Dae Sung Lee (born 1958) is a Korean-American master of taekwondo who holds the rank of 7th dan. Lee is a 10-time US national taekwondo team member and two-time Olympic coach. He served as taekwondo coach for the US Summer Olympic team in 1992.

Early life
Lee was born in 1958 in Seoul, South Korea, and began studying taekwondo at the age of 11. He moved to Hawaii in 1971 with his family. Lee graduated from Moanalua High School in 1977 and obtained a bachelor's degree from the University of Hawaii at Manoa in 1987, double majoring in political science and physical education.

Lee considers masters Randy Kuk Do Chun of Honolulu and Sang Chul Lee of Colorado Springs as his main teachers. Both Chun and Lee came from the Jidokwan style of taekwondo.
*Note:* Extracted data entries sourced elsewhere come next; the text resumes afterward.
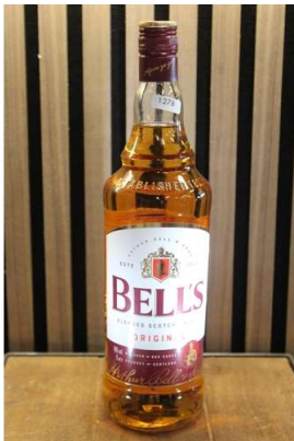
121. M - BELLS WHISKY 1 LTR RRP £24 ( P21218926 / C )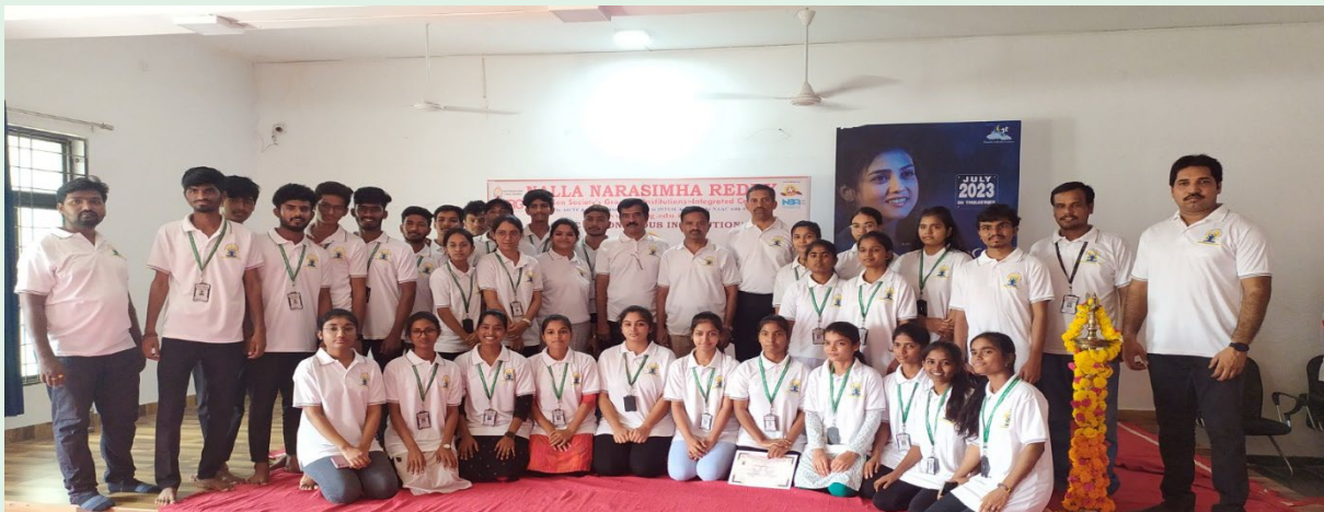
NNRG SOP have participated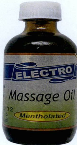
Electro Massage Oil 60ml Manufactured by: Ellestreque Pharmaceutical and Industrial Corporation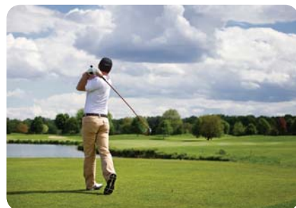
> Sports 运动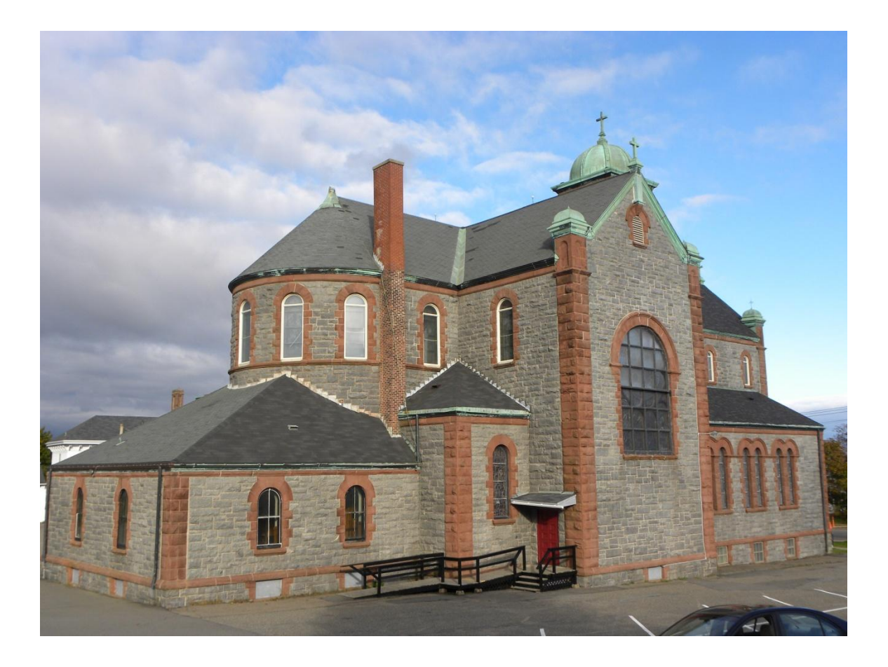
Image 4: Our Lady of Assumption Church, West Saint John

The most visible impact of immigration was the growth of the Catholic population and its associated institutions. By 1901, Catholics comprised 30% of the county's population. The original Catholic church near King Square, St. Malachi's, had been replaced by the Cathedral of the Immaculate Conception. Construction began on the new centre of the city's Catholicism, located in Wellington ward, before Confederation. In the 1850s, York Point in King's ward and the nearby waterfront district of Portland were the centres of Irish Catholic life. By the late 1800s, however, the expanding Irish Catholic community was also clustered in Lower Cove and Wellington and Prince wards. In Portland, on the northern border of Saint John, Catholics were served by St. Peter's church, near Fort Howe, starting in 1840.<sup>55</sup> As with Protestant churches, temperance made inroads by the 1840s. Most parishes had a total abstinence society, and by the 1870s, the city and province had an active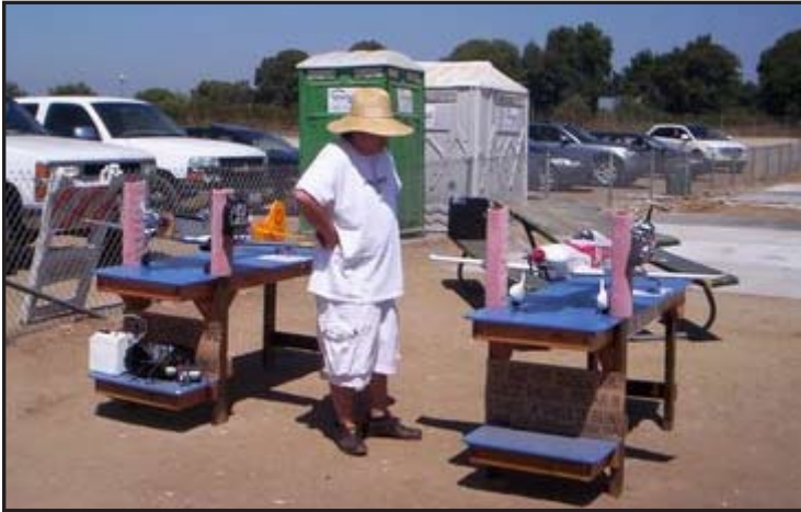
Two tables for Aircraft "Only" Engine Break-in

PLEASE keep tables "clean" when done using for the NEXT person.

Competitive taekwondo career
Lee is a nine-time US National Champion (1979–1987), a 10-time US National Team Member (1979–1987, 1989), and has won medals at the World Taekwondo Championships, World Games, International Collegiate Taekwondo Championships, Pan American Games, and Pan American Taekwondo Championships. His competition record includes:
 1989: US Taekwondo Team Trials (Fin): gold
 1988: US Taekwondo Team Trials (Fin): silver
 1987: World Taekwondo Championships (Fin): bronze; Pan American Games (Fin): gold; US Taekwondo Team Trials (Fin): gold; US Taekwondo National Championships (Fin): gold
 1986: World Cup Taekwondo Championships (Fin): bronze; US Taekwondo National Championships (Fin): gold
 1985: World Taekwondo Championships (Fin): silver; World Games Taekwondo (Fin): bronze; US Taekwondo National Championships (Fin): gold
 1984: Pan American Taekwondo Championships (Fly): gold; US Taekwondo National Championships (Fly): gold
 1983: International Collegiate Taekwondo Championships (Fin): gold; US Taekwondo National Championships (Fin): gold
 1982: Pan American Taekwondo Championships (Fin): gold; World Taekwondo Championships (Fin): bronze; US Taekwondo National Championships (Fin): gold
 1981: World Games Taekwondo (Fin): silver; US Taekwondo National Championships (Fin): gold
 1980: AAU Tae Kwon Do National Championships (Fin): gold
 1979: World Taekwondo Championships (Fin): bronze; US Taekwondo National Championships (Fin): gold
 1977: US Taekwondo National Championships (Fly): bronze

Coaching career
Lee served as an assistant taekwondo coach for the USA at the 1988 Summer Olympics  and as taekwondo coach for the USA at the 1992 Summer Olympics. He was also head coach of the Colorado Springs Olympic Training Center's Resident Athlete Program for taekwondo from 1988–1993. Lee has operated the US Taekwondo Center in Aina Haina from 1993 to early 2000 and has trained over 10,000 students. In 2004, he was removed from the position of taekwondo coach for the USA team due to compete at the Summer Olympics in Athens.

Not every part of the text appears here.